И мертвецы летят стаями в ночной бездне.

Над кремлевскими башнями месяца не видно, – заволокло тучами, – свищет ветер и бьет тучи к земле, к домам.

Злодеи, заворовавшие русскую землю, спят дурным сном, стонут во сне, вскрикивают дико, кровь застывает в жилах.

Тучи все ниже, глуше покрывают, как овчиной, город.

Бросил царь Иван колокольный язык, сдвинул клобук с лица и нагнулся вниз с колокольни, – слушает. На Москве тихо.

И только его слуху различимы беззвучные вопли и скрежеты неуспокоенных духов, терзающих спящих злодеев.

И различим еще далекий гул и топот живых людей, идущих вслед за мертвыми во спасение родной земли.

 

Это первое обращение Толстого к теме Ивана Грозного. За романтическим сюжетом об вмешивающихся в битву предках (портретах, статуях) стоит фольклор – мифы и легенды о святых покровителях, в критический момент приходящих на помощь потомкам, вступая в бой с врагом. Существует известный осваговский плакат работы Аникста (1919) – Святой Георгий Победоносец во главе русских войск гонит к адской пропасти кучку большевиков. Рассказ Толстого носит сходный «осваговский» характер.

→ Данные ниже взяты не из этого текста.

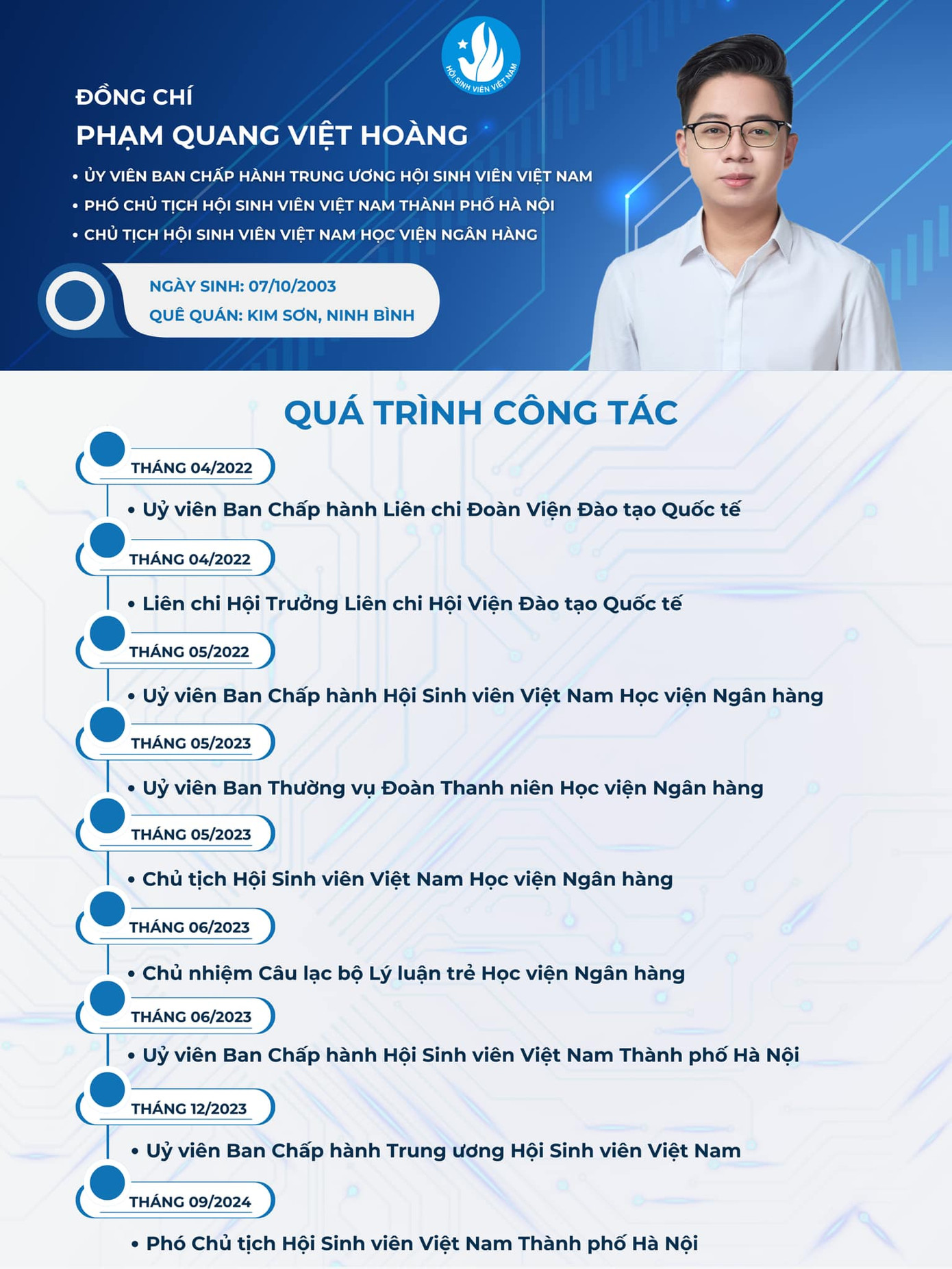 Sau quá trình hiệp thương, anh Phạm Quang Việt Hoàng - Chủ tịch Hội Sinh viên Học viện Ngân hàng, đã được tín nhiệm bầu giữ chức danh Phó Chủ tịch Hội Sinh viên TP. Hà Nội, khóa VIII, nhiệm kỳ 2023 - 2028.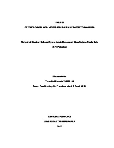 Patardo, Yehezkiel (2022) Psychological Well-being Abdi Dalem Keraton Yogyakarta. Skripsi thesis, Universitas Tarumanagara.

Любопытно, что к решению патриотических задач он призывает именно Ивана Грозного, рассёкшего Русь на две части и воевавшего против своих же Новгорода и Пскова. Оживающие мертвые здесь играют охранительную, позитивную роль. В будущем романе оккультный эпизод, шествие мертвых полков, привидевшееся сумасшедшему дезертиру, напротив, послужит страшной прелюдией к убийству одного из героев – поэта Бессонова.

______________________________________________________________________________________________________

[1] Толстой А. Н. Собрание сочинений Алексея Н. Толстого. Книга вторая. Лихие года. Рассказы. Издательство З. И. Гржебина. Берлин–Петербург–Москва, 1923. С. 149–164.

[2] «Большевизм и церковь». Сын Отечества, 19 ноября 1919 г.

[3] Я. Кефели. С генералом А.В. Шварцем в Одессе (осень 1918-го – весна 1919 года) //1918 год на Украине. М., 2001., С.348–367. О нем очерк А. Ветлугина «Продавцы шпаг» – А. Ветлугин. Указ. соч. С.50.

[4] Объединение №1, 28 (15) янв. 1919 г.

[5] Сестры Герцык. Переписка., М., 2002, с.151-152.

[6] Дневник 1917–1918 гг. //А.Н. Толстой. Материалы и исследования, С.360.

[7] Журнал «Москвич» (Одесса), № 1, 15 (28) января 1919. В том же номере опубликованы стихи Крандиевской.